Recently, a court sentenced Patrick Moore to 46 months in prison and ordered him to pay $7.2 million in restitution for his role in a kickback scheme that induced Medicare beneficiaries to accept medically unnecessary genetic tests. Moore, through his health care marketing and recruiting companies, instructed a network of recruiters to target Medicare beneficiaries and induce them to accept genetic tests that were not provided as represented, not medically necessary, or not eligible for reimbursement. These recruiters would gain access to Medicare patients’ insurance information and DNA samples by soliciting them at storefronts, senior centers, and health fairs. Also, Moore would use the signatures of doctors who had not even seen Medicare patients to order unnecessary testing and steered the bills to laboratories who paid Moore kickbacks.

Moore received approximately $4.3 million in kickbacks from his co-conspirators in exchange for the referral of beneficiary insurance information, DNA specimens, and accompanying doctors’ orders for genetic testing. Moore then, in turn, paid kickbacks to his network of recruiters. To conceal the scheme, Moore and his co-conspirators created sham invoices that fabricated numbers of hours worked instead of the per-referral payments he received. In total, the laboratories associated with Moore and his co-conspirators billed Medicare approximately $24 million and received approximately $7.2 million in kickbacks.

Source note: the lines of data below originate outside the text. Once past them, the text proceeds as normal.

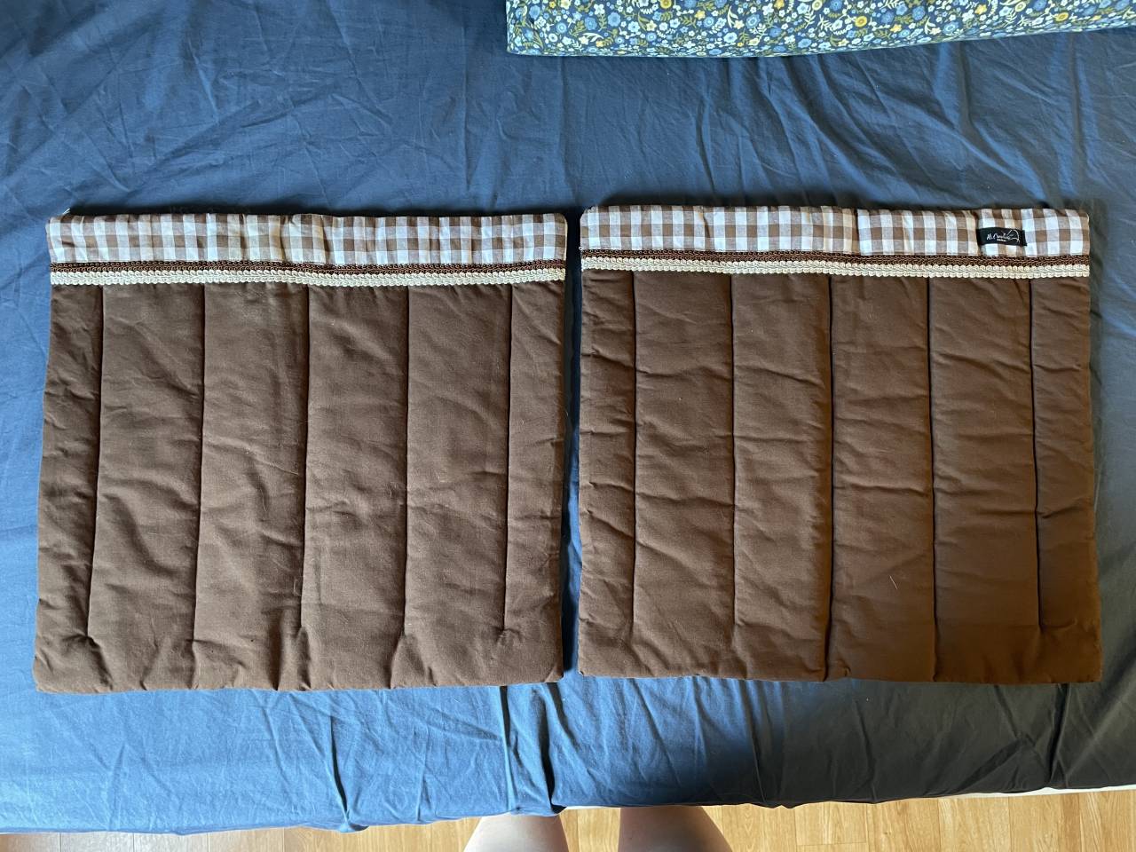 Lot de 2 sous-bandes brunes avec le dessus en vichy brun, réalisé par une créatrice belge H. Créations
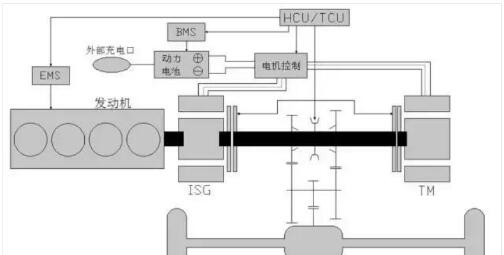 由于是混合動(dòng)力車(chē)型,診斷之前,有  必要先簡(jiǎn)單了解一下榮威E550的混合動(dòng)力 系統(tǒng)(圖2)。
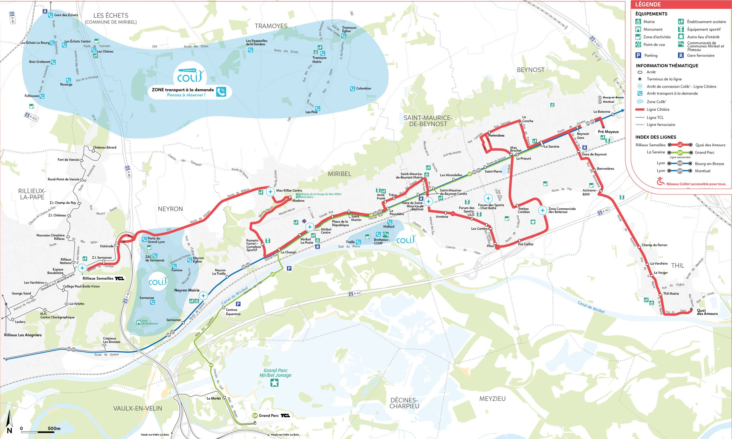 La ligne Côtière assure la liaison entre Rillieux Semailles et Thil Quai des Amours, en desservant les communes de Miribel, Beynost et Saint-Maurice-de-Beynost. Grâce à un itinéraire optimisé et direct, elle offre un accès facilité aux principaux pôles d’intérêt de ces territoires, tout en offrant une solution de transport plus fluide et accessible.
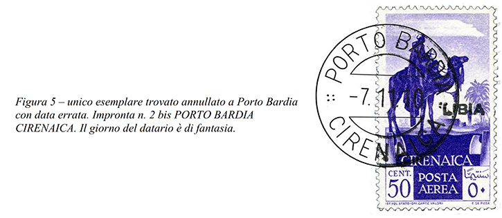 Il guller DERNA CORRISPONDENZE con data corretta è stato quello più usato in assoluto per questa località e spesso è molto inchiostrato. Con data errata invece le valutazioni si invertono con 11 punti DERNA CORRISPONDENZE e 10 punti DERNA CIRENAICA. Come si può notare dalla figura 4, l’annullo non è facilmente leggibile, tipico in questo periodo per questo guller, evidentemente molto usato ma poco curato dagli addetti. L’impronta è stata ricostruita da esemplari con annullo nitido che sono veramente pochi. Anche per Porto Bardia ho trovato un solo esemplare (figura 5) che riporta l’impronta n. 2 bis valutata punti 12. I tre annullatori noti con data errata di questa località sono quasi sempre inchiostrati e di non facile confronto con le immagini riportate nei testi specifici, bisogna sempre fare attenzione ai particolari che consentono di riconoscere il tipo.
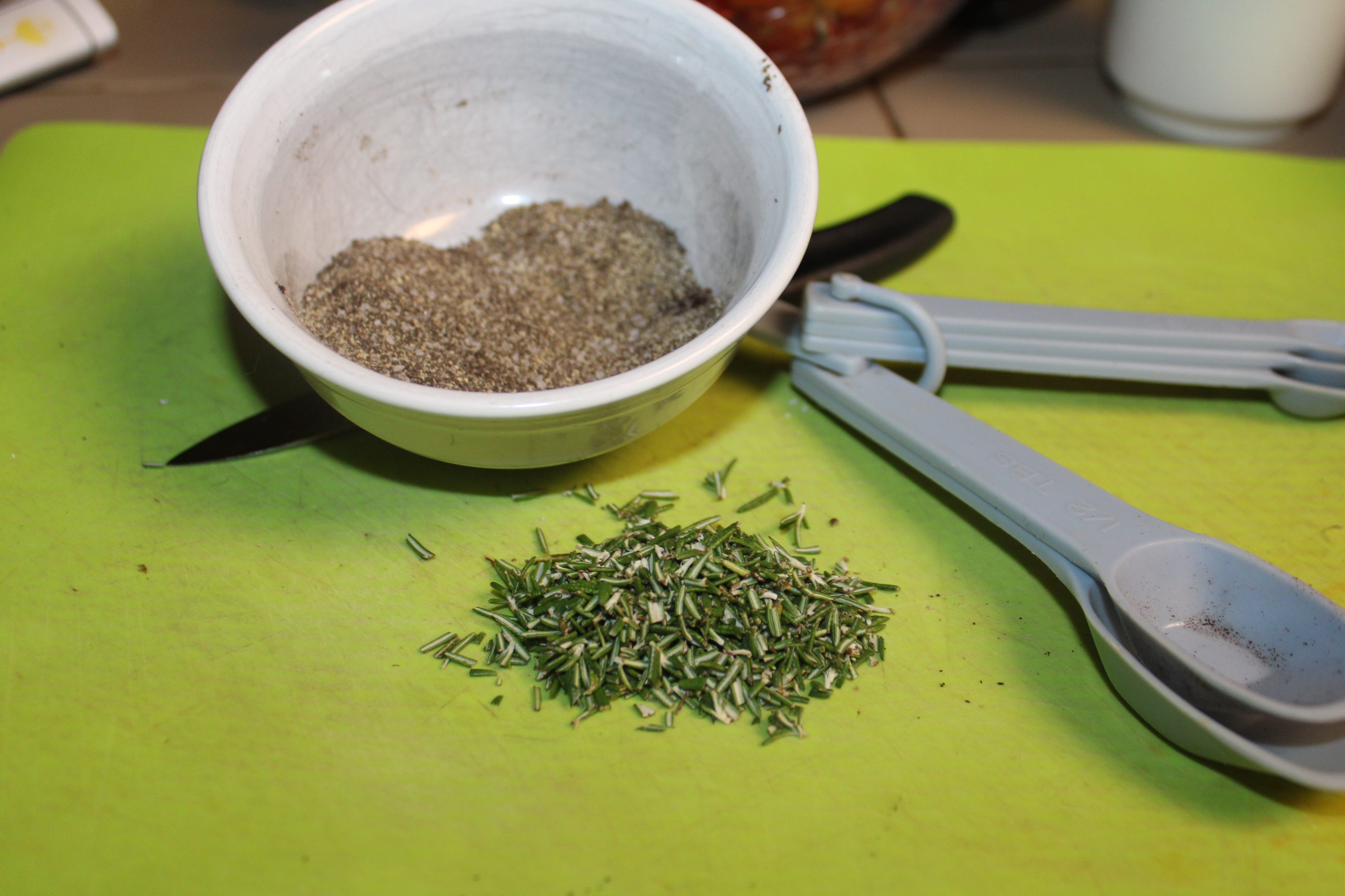 Strip needles from the rosemary sprigs. Finely mince, place in a small bowl. Add salt, pepper, ground coffee and garlic powder. Mix well.

Earlier this year, Moore pleaded guilty to one count of conspiracy to defraud the United States.

The case is United States v. Moore, 1:22-cr-014 (S.D. Ga.).

The DOJ’s press release is available here.

Audio Electronics Company Settles FCA and Duty Evasion Allegations for $11.8 Million

The DOJ recently announced that Harman International Industries, Inc. agreed to settle allegations that it violated the FCA when it imported goods and failed to pay the required antidumping and countervailing duties (i.e., “tariffs”) for $11.8 million. Harman is a leading audio electronics company for automakers, consumers, and enterprises worldwide based in Farmington Hills, Michigan. The government alleged that, from June 1, 2011, through March 31, 2023, Harman knowingly imported heat sinks that contained extruded aluminum from the People’s Republic of China without paying the required tariffs. Harman also allegedly concealed its wrongdoing by failing to disclose its non-payment of the tariffs.

The case is United States v. Harman International Industries, Inc., No. 2:20-cv-12487 (E.D. Mich.)

The DOJ’s press release is available here.

The claims resolved by the settlement are allegations only and there has been no determination of liability.